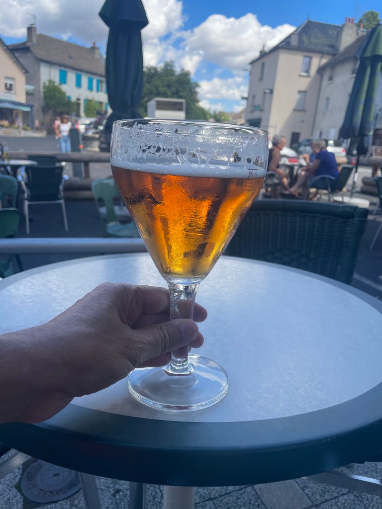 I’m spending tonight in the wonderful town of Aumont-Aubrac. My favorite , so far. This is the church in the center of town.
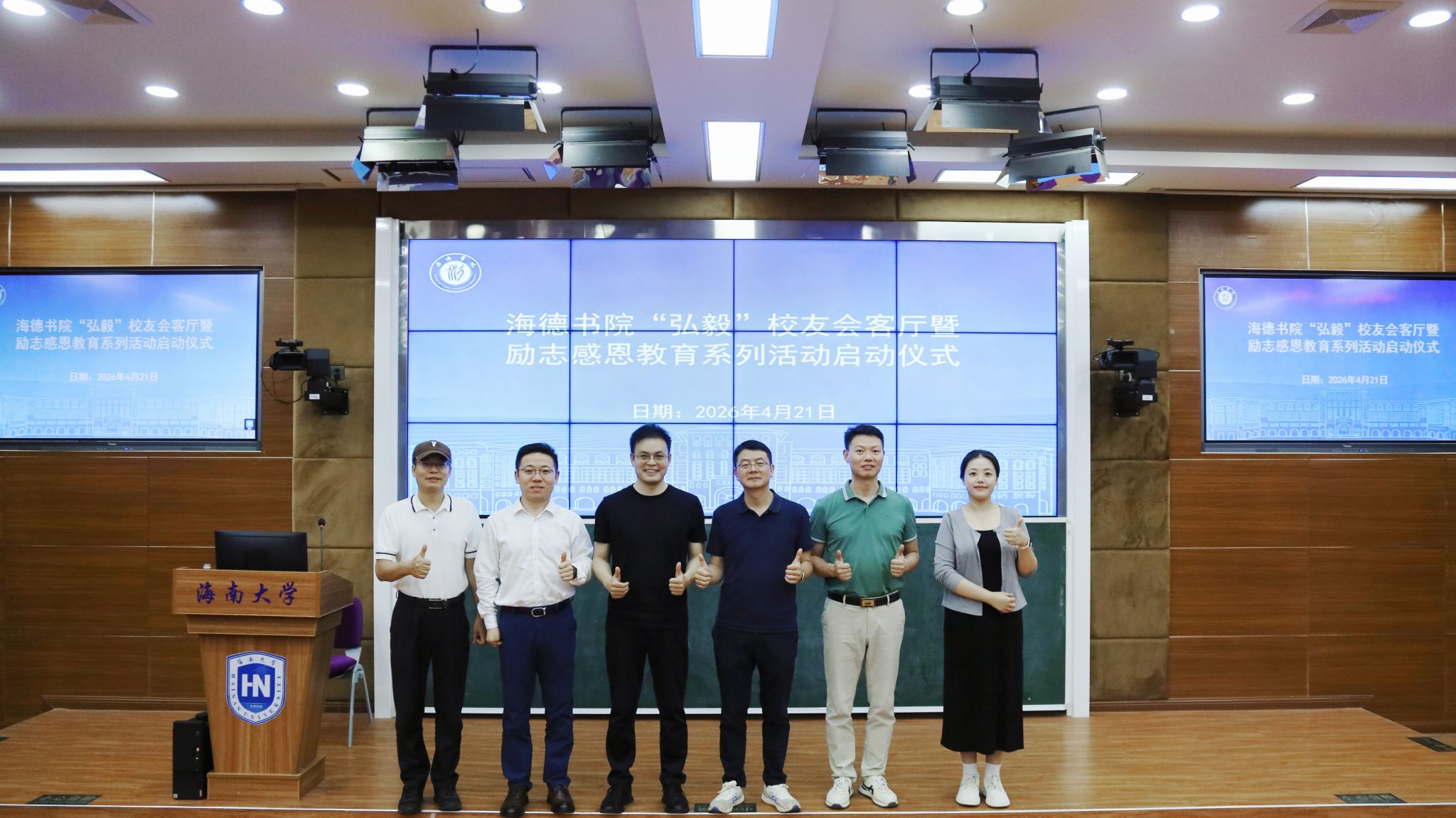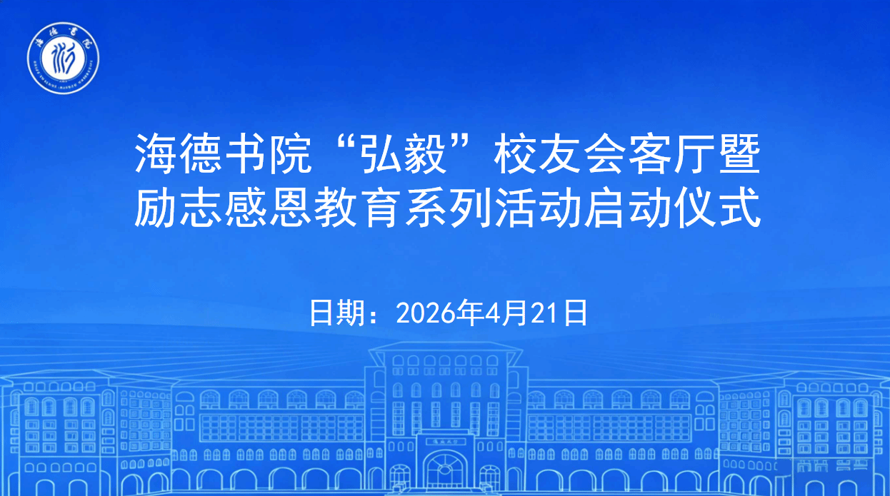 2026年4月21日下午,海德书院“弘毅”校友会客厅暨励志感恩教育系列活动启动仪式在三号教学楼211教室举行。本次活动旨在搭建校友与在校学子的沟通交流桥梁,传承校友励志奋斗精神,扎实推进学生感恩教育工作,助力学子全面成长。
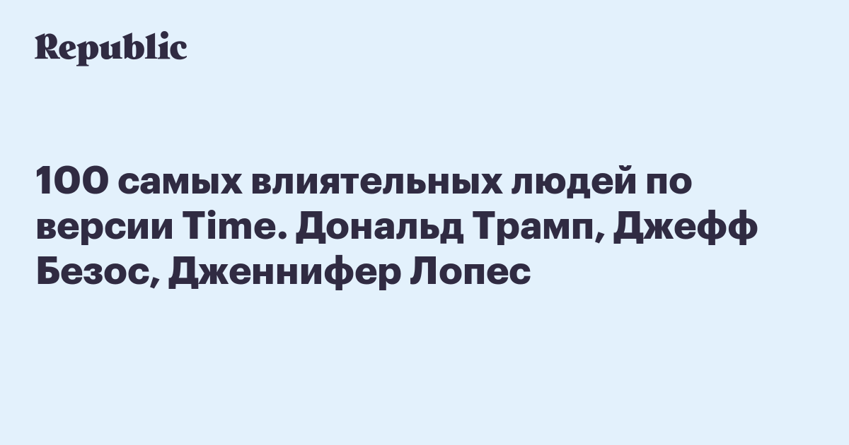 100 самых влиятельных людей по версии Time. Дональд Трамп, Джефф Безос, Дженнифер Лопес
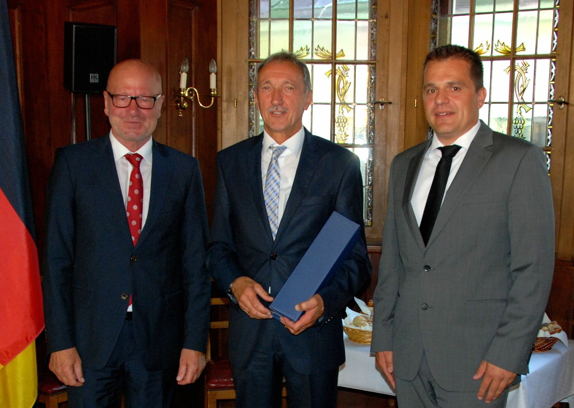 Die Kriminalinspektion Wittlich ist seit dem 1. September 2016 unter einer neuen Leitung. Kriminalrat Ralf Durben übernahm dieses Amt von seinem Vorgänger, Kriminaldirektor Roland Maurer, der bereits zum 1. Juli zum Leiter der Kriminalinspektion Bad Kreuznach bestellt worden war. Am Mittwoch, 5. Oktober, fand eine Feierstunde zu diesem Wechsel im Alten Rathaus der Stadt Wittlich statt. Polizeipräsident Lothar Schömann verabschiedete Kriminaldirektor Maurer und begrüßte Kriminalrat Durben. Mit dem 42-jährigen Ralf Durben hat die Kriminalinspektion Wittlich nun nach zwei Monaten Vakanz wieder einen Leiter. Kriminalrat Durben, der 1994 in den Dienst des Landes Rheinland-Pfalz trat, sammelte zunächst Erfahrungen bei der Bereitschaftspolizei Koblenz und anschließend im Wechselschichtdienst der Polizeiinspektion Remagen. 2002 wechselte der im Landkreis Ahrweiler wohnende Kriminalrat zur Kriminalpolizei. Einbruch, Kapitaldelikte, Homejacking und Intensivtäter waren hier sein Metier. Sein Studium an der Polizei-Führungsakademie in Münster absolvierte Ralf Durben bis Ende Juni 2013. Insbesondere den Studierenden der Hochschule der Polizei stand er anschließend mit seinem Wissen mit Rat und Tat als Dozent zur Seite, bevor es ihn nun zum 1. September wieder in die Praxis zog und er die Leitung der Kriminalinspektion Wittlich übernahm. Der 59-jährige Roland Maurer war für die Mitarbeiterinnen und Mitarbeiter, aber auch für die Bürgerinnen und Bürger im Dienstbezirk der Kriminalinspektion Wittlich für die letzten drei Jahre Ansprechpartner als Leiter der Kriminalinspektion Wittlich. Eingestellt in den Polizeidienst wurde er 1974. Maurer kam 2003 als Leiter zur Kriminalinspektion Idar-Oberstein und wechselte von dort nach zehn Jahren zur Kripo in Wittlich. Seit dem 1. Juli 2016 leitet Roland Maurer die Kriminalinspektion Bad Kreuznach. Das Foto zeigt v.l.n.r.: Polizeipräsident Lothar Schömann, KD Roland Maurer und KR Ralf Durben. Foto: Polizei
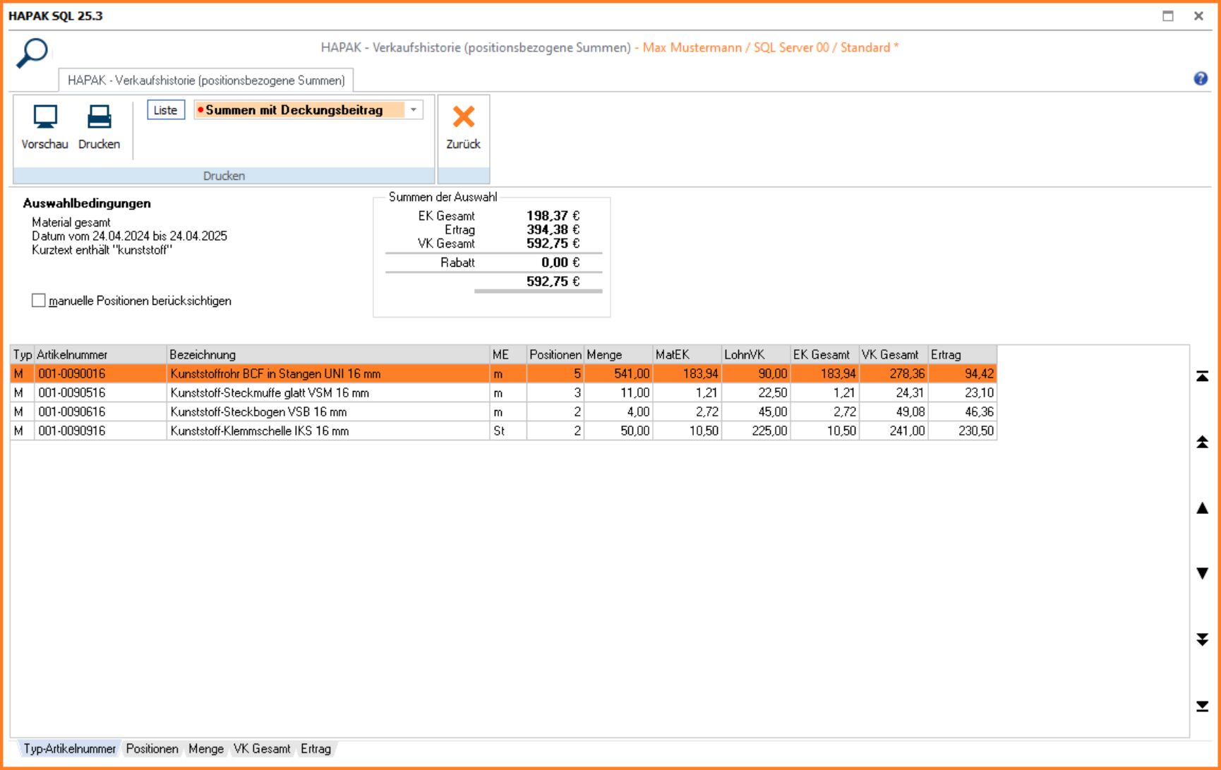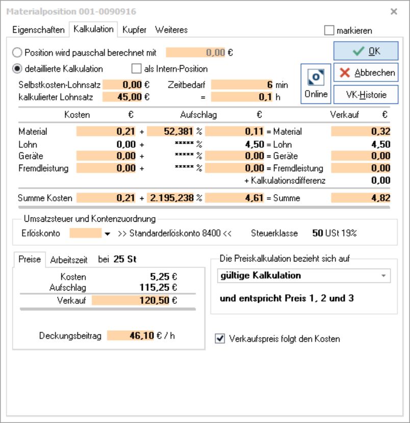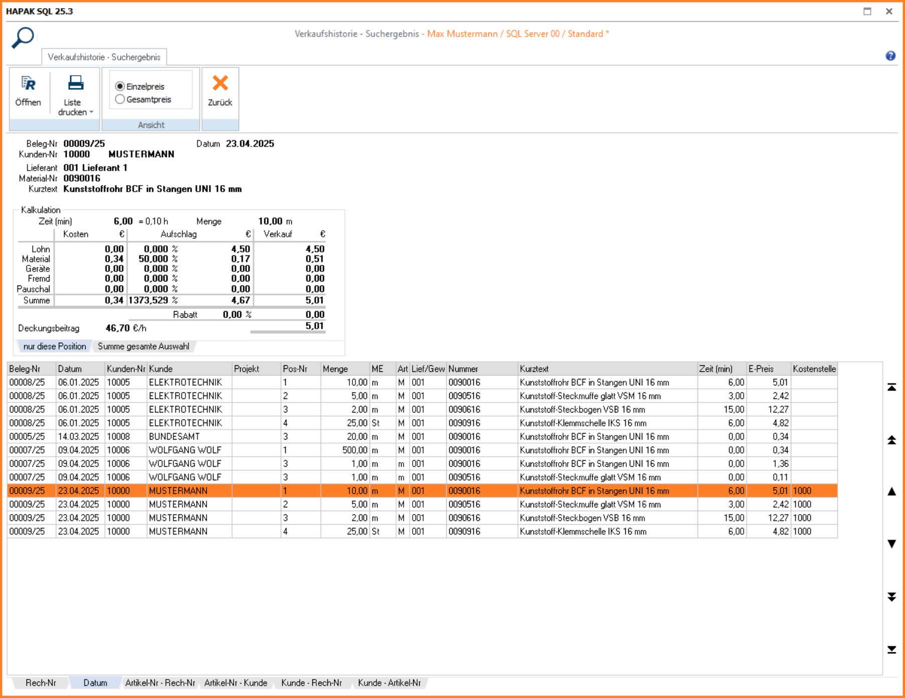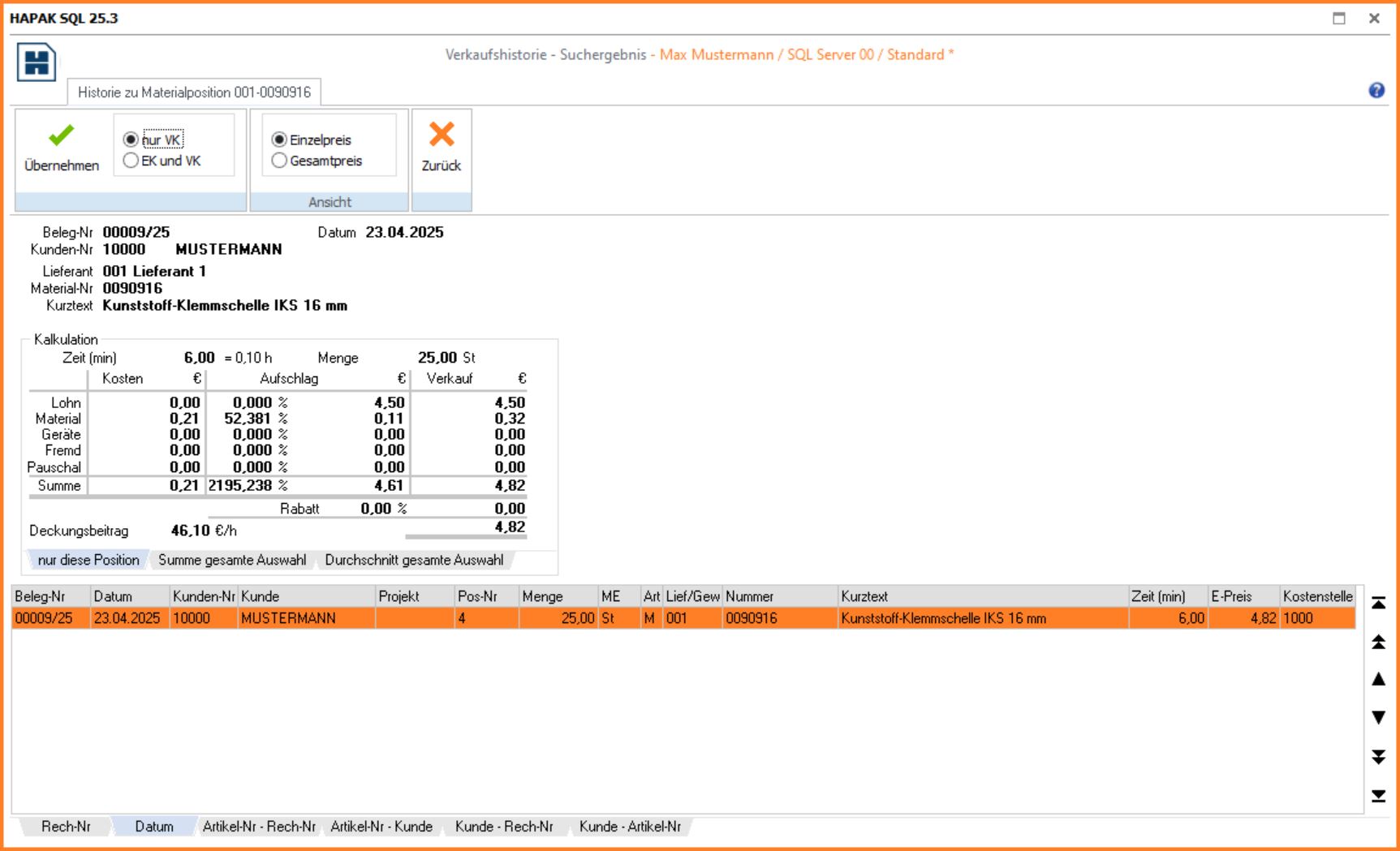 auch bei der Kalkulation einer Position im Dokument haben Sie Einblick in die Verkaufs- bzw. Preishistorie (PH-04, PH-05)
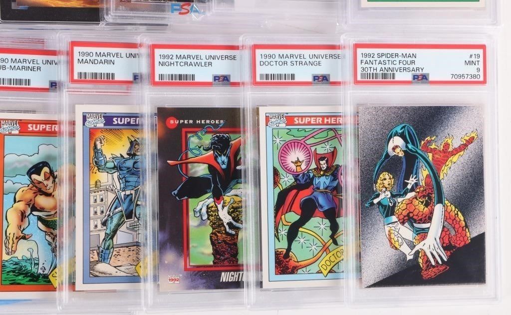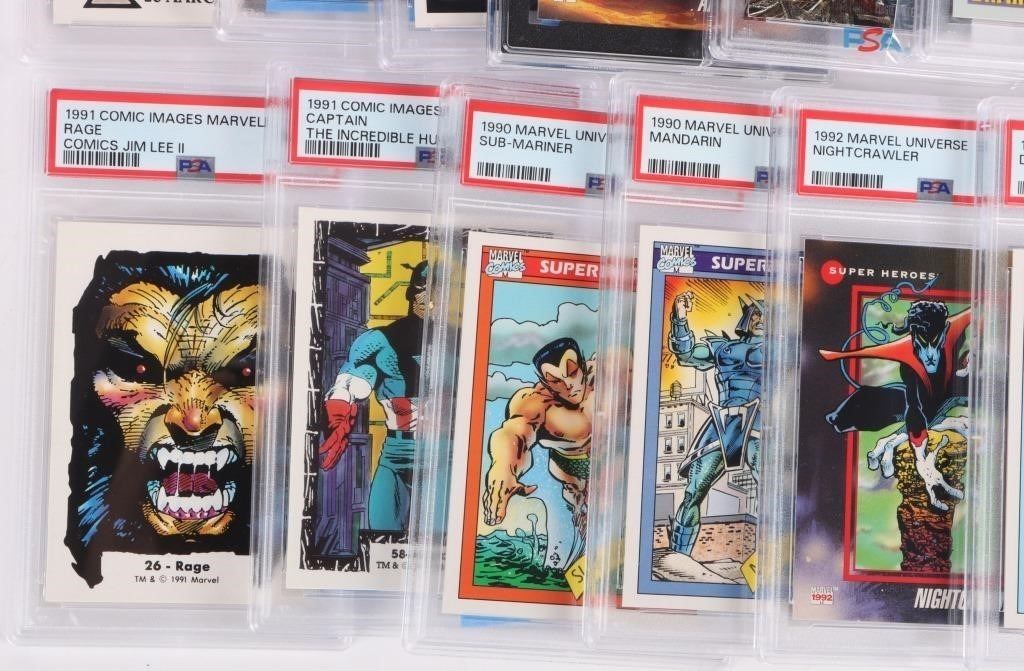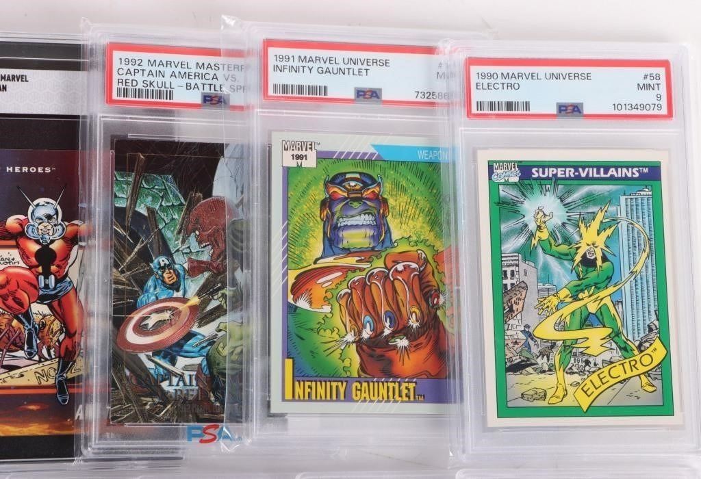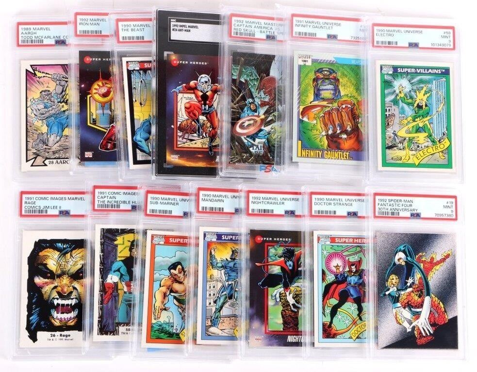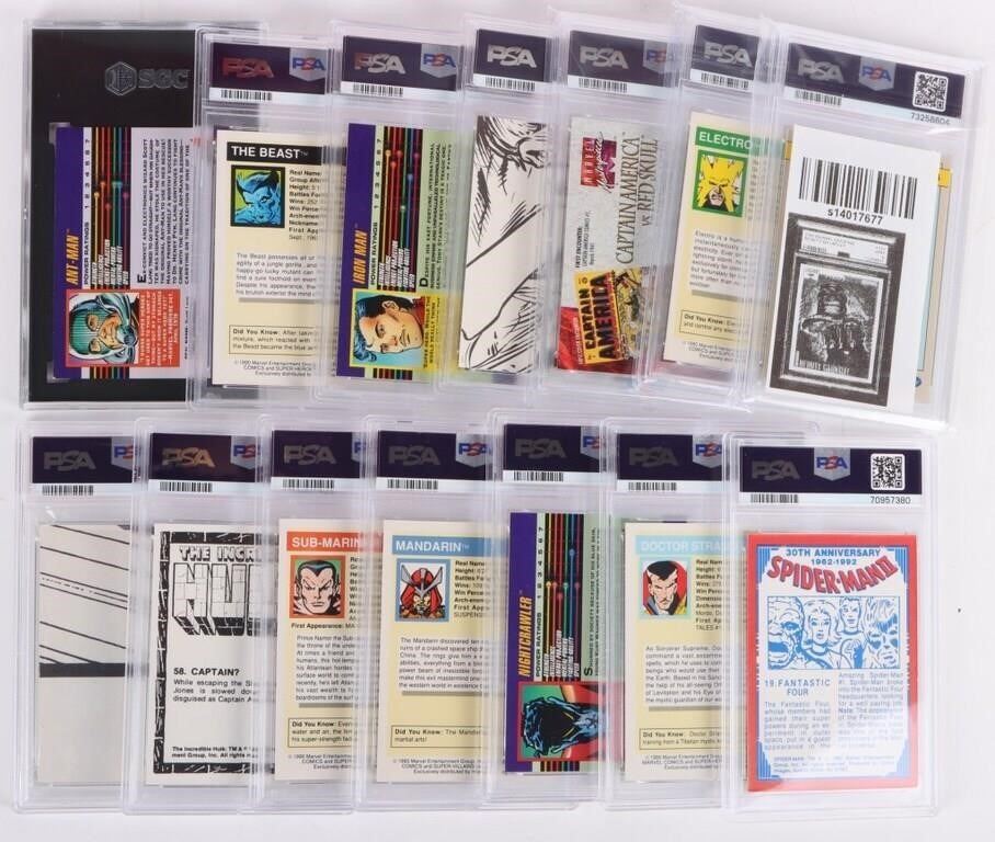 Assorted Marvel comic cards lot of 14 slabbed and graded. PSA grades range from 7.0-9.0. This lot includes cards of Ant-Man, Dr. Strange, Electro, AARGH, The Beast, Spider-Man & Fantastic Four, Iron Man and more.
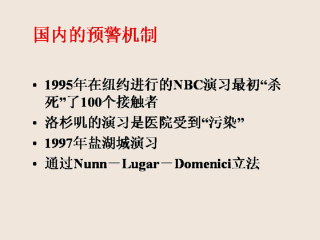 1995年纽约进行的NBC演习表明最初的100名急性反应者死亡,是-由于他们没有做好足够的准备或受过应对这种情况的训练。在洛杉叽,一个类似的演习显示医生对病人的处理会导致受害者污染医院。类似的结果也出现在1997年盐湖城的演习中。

• [DIRECTIONS FOR THIS TASK]:
Because the pictures are not wanted, retype only the text of every record, exactly as given.

• [RESPONSE AREA]:
 I’m spending tonight in the wonderful town of Aumont-Aubrac. My favorite , so far. This is the church in the center of town.
 2026年4月21日下午,海德书院“弘毅”校友会客厅暨励志感恩教育系列活动启动仪式在三号教学楼211教室举行。本次活动旨在搭建校友与在校学子的沟通交流桥梁,传承校友励志奋斗精神,扎实推进学生感恩教育工作,助力学子全面成长。
 100 самых влиятельных людей по версии Time. Дональд Трамп, Джефф Безос, Дженнифер Лопес
 Die Kriminalinspektion Wittlich ist seit dem 1. September 2016 unter einer neuen Leitung. Kriminalrat Ralf Durben übernahm dieses Amt von seinem Vorgänger, Kriminaldirektor Roland Maurer, der bereits zum 1. Juli zum Leiter der Kriminalinspektion Bad Kreuznach bestellt worden war. Am Mittwoch, 5. Oktober, fand eine Feierstunde zu diesem Wechsel im Alten Rathaus der Stadt Wittlich statt. Polizeipräsident Lothar Schömann verabschiedete Kriminaldirektor Maurer und begrüßte Kriminalrat Durben. Mit dem 42-jährigen Ralf Durben hat die Kriminalinspektion Wittlich nun nach zwei Monaten Vakanz wieder einen Leiter. Kriminalrat Durben, der 1994 in den Dienst des Landes Rheinland-Pfalz trat, sammelte zunächst Erfahrungen bei der Bereitschaftspolizei Koblenz und anschließend im Wechselschichtdienst der Polizeiinspektion Remagen. 2002 wechselte der im Landkreis Ahrweiler wohnende Kriminalrat zur Kriminalpolizei. Einbruch, Kapitaldelikte, Homejacking und Intensivtäter waren hier sein Metier. Sein Studium an der Polizei-Führungsakademie in Münster absolvierte Ralf Durben bis Ende Juni 2013. Insbesondere den Studierenden der Hochschule der Polizei stand er anschließend mit seinem Wissen mit Rat und Tat als Dozent zur Seite, bevor es ihn nun zum 1. September wieder in die Praxis zog und er die Leitung der Kriminalinspektion Wittlich übernahm. Der 59-jährige Roland Maurer war für die Mitarbeiterinnen und Mitarbeiter, aber auch für die Bürgerinnen und Bürger im Dienstbezirk der Kriminalinspektion Wittlich für die letzten drei Jahre Ansprechpartner als Leiter der Kriminalinspektion Wittlich. Eingestellt in den Polizeidienst wurde er 1974. Maurer kam 2003 als Leiter zur Kriminalinspektion Idar-Oberstein und wechselte von dort nach zehn Jahren zur Kripo in Wittlich. Seit dem 1. Juli 2016 leitet Roland Maurer die Kriminalinspektion Bad Kreuznach. Das Foto zeigt v.l.n.r.: Polizeipräsident Lothar Schömann, KD Roland Maurer und KR Ralf Durben. Foto: Polizei
 auch bei der Kalkulation einer Position im Dokument haben Sie Einblick in die Verkaufs- bzw. Preishistorie (PH-04, PH-05)
 Assorted Marvel comic cards lot of 14 slabbed and graded. PSA grades range from 7.0-9.0. This lot includes cards of Ant-Man, Dr. Strange, Electro, AARGH, The Beast, Spider-Man & Fantastic Four, Iron Man and more.
 1995年纽约进行的NBC演习表明最初的100名急性反应者死亡,是-由于他们没有做好足够的准备或受过应对这种情况的训练。在洛杉叽,一个类似的演习显示医生对病人的处理会导致受害者污染医院。类似的结果也出现在1997年盐湖城的演习中。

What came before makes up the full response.